Similarly, a study published in April 2011 in the Journal of the American Medical Association found that 28 percent of adalimumab users developed immune antibodies to the drug over a three-year period, and the presence of these antibodies reduced adalimumab concentrations in the body and the overall effectiveness of the medication.

These declines in drug effectiveness seen in some users of DMARDs and anti-TNF drugs have prompted scientists to develop new TNF inhibitors, such as golimumab (Simponi) and certolizumab (Cimzia), and the medication tocilizumab (Actemra), which blocks the cytokine interleukin-6. Other drugs—abatacept (Orencia) and rituximab (Rituxan)—target other immune cells believed to play a role in RA-related inflammation.

All of these treatments give you and your physician more options for managing your RA. “Almost always, patients with rheumatoid arthritis are on more than one drug,” Dr. Deal says.

Stay on Top of RA
Increased pain, fatigue, and stiffness are common signs that your RA medication isn’t working as well as it should. If your medication isn’t controlling your RA sufficiently, it simply may be because the dose is inadequate.

You also may experience an increase in symptoms because your disease is more active, not that your medications are less effective. All RA patients have periods of increased activity that may require temporary or permanent dose adjustment of their medications.

“Oftentimes, it’s not that the drug itself is losing effectiveness but that the disease is getting worse,” Dr. Deal says.

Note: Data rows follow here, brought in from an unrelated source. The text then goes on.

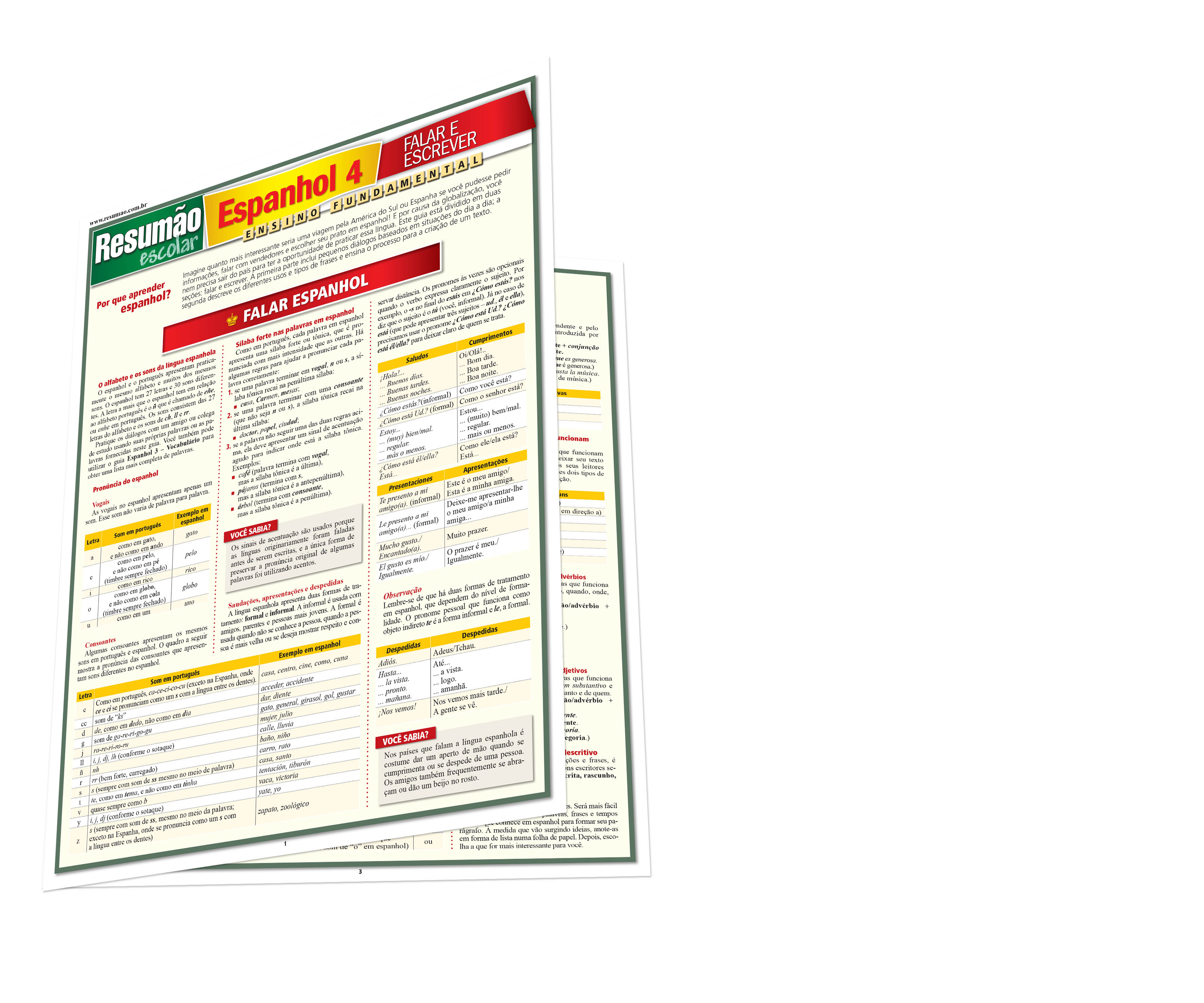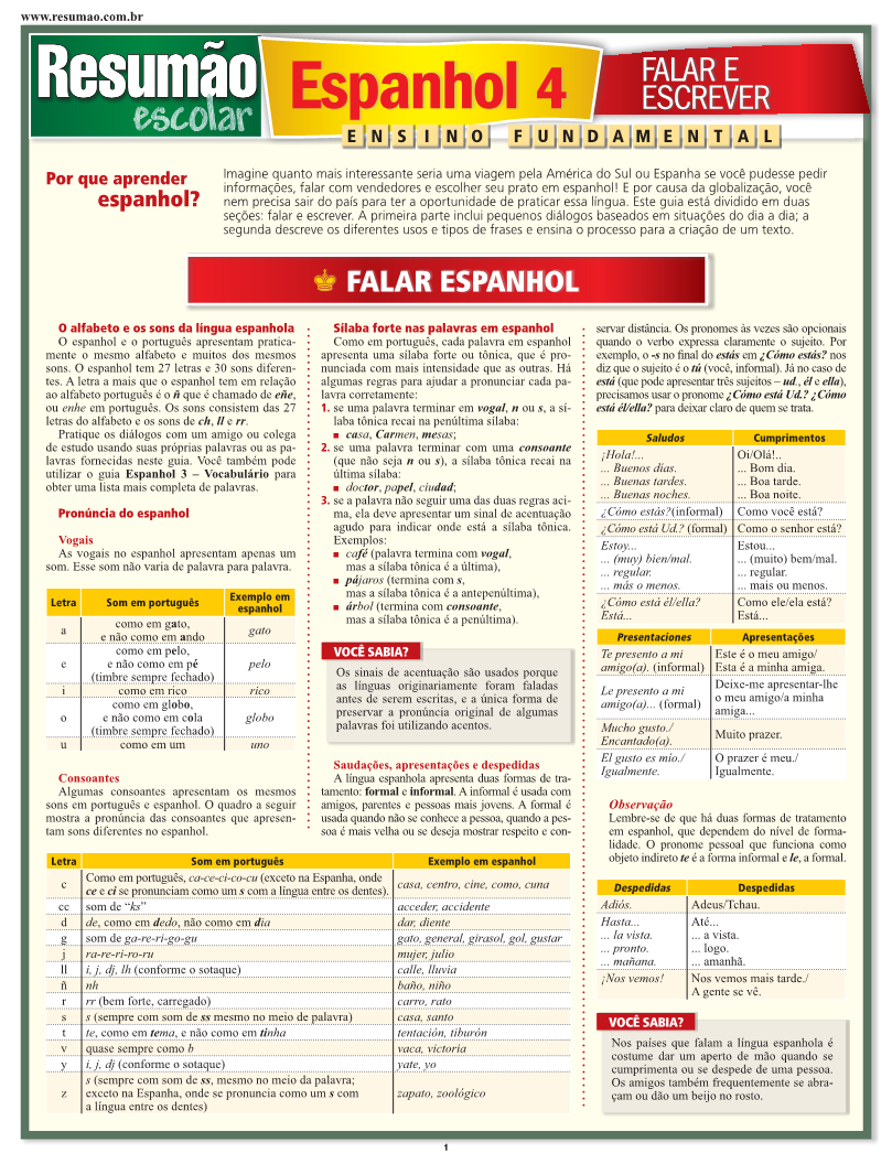 Este Resumão traz dicas para falar melhor a língua espanhola: a pronúncia, as consoantes, as sílabas fortes e alguns diálogos básicos para situações comuns no dia a dia. Na segunda parte do guia, informações para escrever corretamente: tipos de orações, a estrutura das orações e um exemplo explicado de uma pequena redação em espanhol. | Páginas: 4
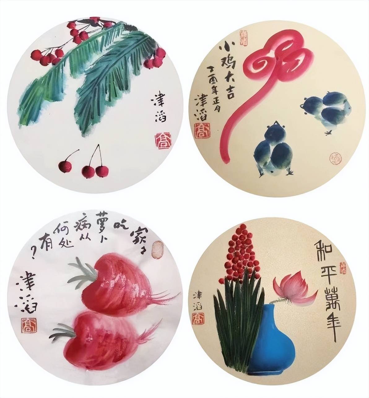 高津滔先生以其精湛的艺术造诣,获得市场的高度认可,在2010青岛成名翰墨第八届中国书画专场拍卖会上,他的作品《家和万事兴》、《听雨》、《菩提叶》分别拍出11.2万元、12.960万元、10.9760万元,其佳作《笑容》更是拍出32.48万元。
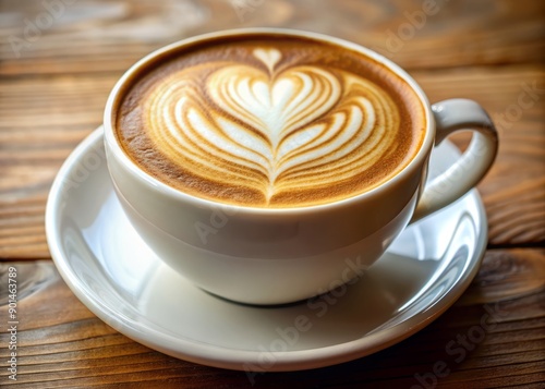 Richly textured, velvety latte art features an intricate heart design, adorned with swirling patterns and delicate foam, resting in a elegant white ceramic cup.
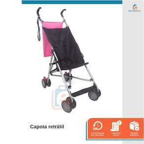 - Capota protege do sol; - Espaço para acessórios; - Freios traseiros; - Cinto segurança de 5 pontos; - Fechamento ultra fácil; - Tecido lavável.
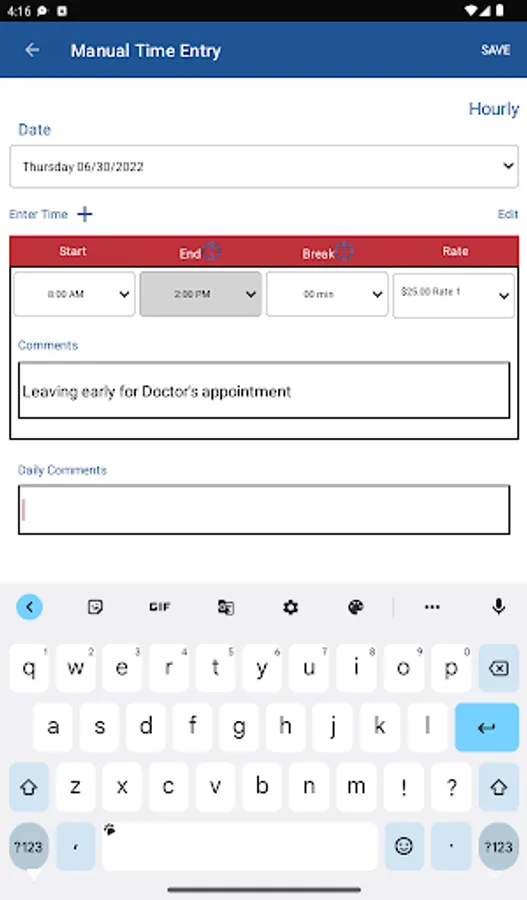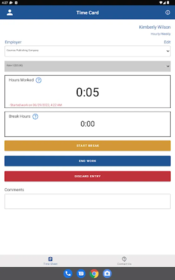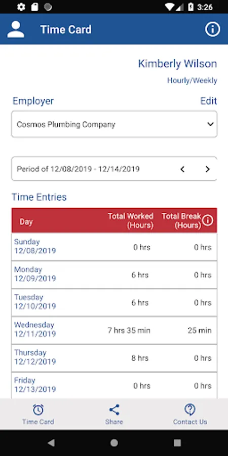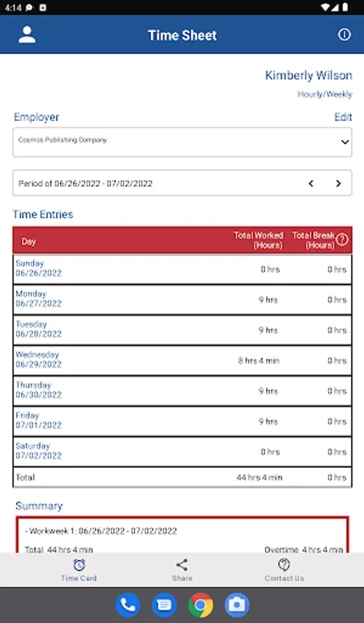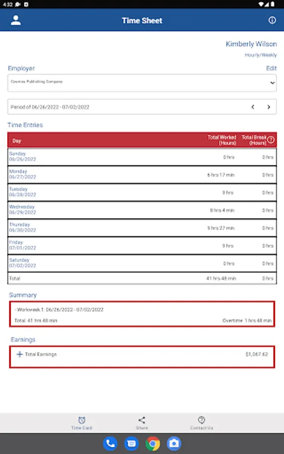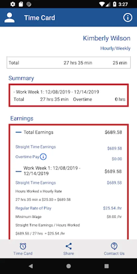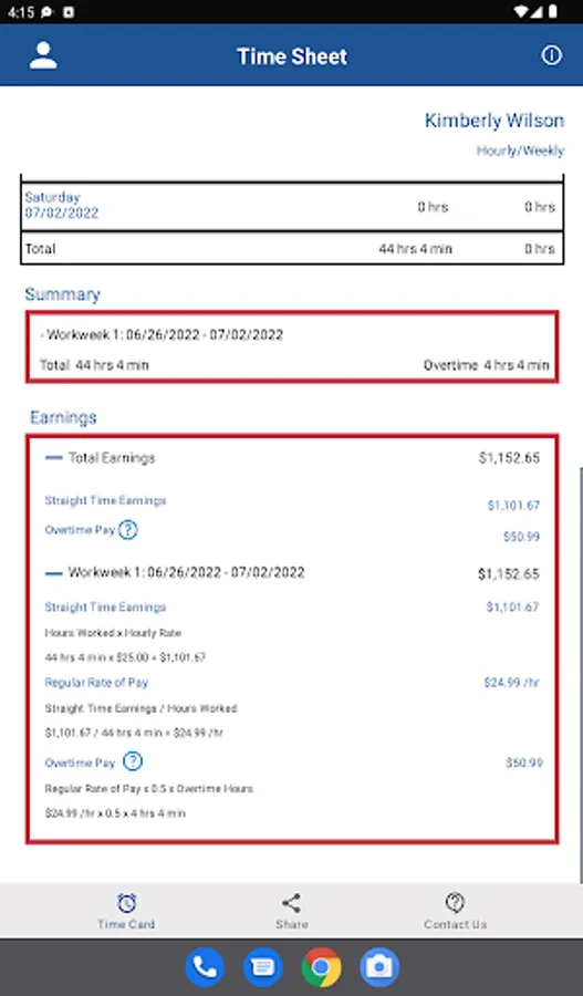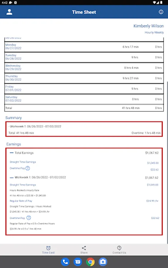 This app provides a timesheet for employees and employers to record work time and calculate pay. It also performs overtime pay calculations at a rate of one and one-half times (1.5) the regular rate of pay for all hours you work over 40 in a workweek.

Therefore, make sure you see your doctor for regular evaluations to determine the best course of treatment, often every few months if the disease is active, Dr. Deal advises.

Your doctor will ask about the nature of your RA, assess your functional status, and may order lab tests to measure inflammatory markers of disease activity and gauge how well your RA is being managed. X-rays of the joints also are important to assess the effectiveness of your medications. If necessary, your doctor may increase the dosage, consider alternatives, or try different combinations to find one that works for you.

“Generally, patients aren’t bashful about telling you if the medications are working or not working,” Dr. Deal says. “You have to have a conversation with your doctor about your response to the medication, along with objective evidence based on measures of disease activity, to help you make a rational decision about whether your therapy should be changed.”